(Task to carry out):
Every line from the first one in the data below through the line holding "楽天・涌井秀章、阪神のジョー" is to be written out exactly, with the pictures omitted.

Start of Block

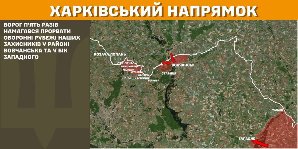 На Харківському напрямку ворог п’ять разів намагався прорвати оборонні рубежі українських захисників у районі Вовчанська та у бік Западного.
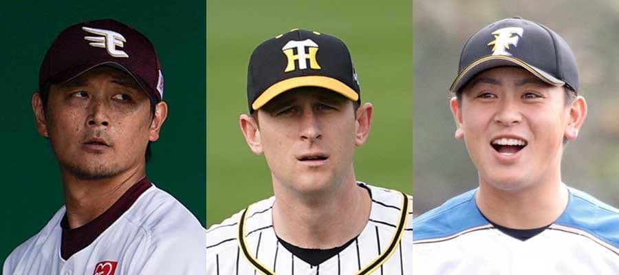 楽天・涌井秀章、阪神のジョー・ガンケル、日本ハム・河野竜生(左から)【写真:荒川祐史、石川加奈子】
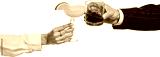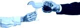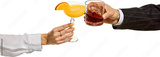 Female and male hands clinking cocktails orange drink in coupe glass with slice of citrus and dark liquor in faceted tumbler. Transparent background. Concept of toast, party, elegance, contrast.
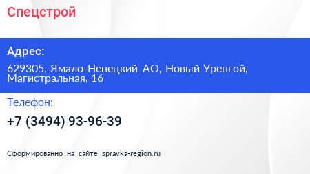 Спецстрой по адресу 629305, Ямало-Ненецкий АО, Новый Уренгой, Магистральная, 16 в дальнейшем Организация, размещена в следующих категориях:
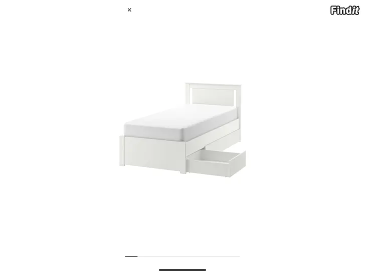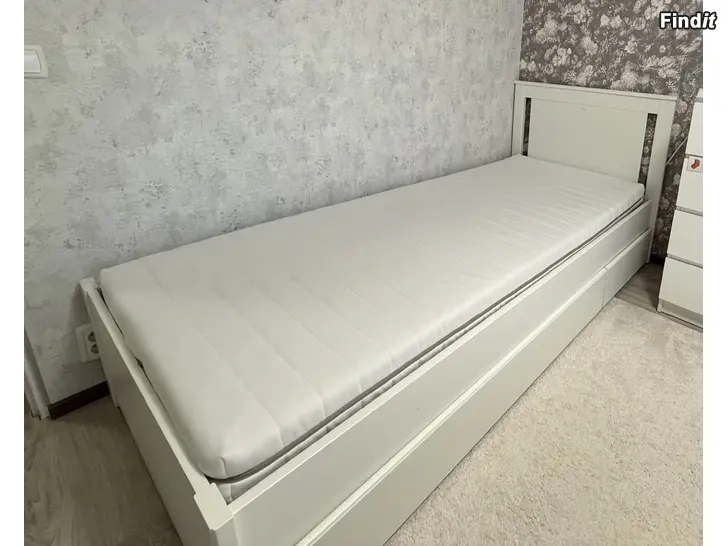 Sängynrunko + patja IKEA, jossa 2 laatikkoa, valkoinen, koko 90\200cm

End of Block

(Result below):
 На Харківському напрямку ворог п’ять разів намагався прорвати оборонні рубежі українських захисників у районі Вовчанська та у бік Западного.
 楽天・涌井秀章、阪神のジョー・ガンケル、日本ハム・河野竜生(左から)【写真:荒川祐史、石川加奈子】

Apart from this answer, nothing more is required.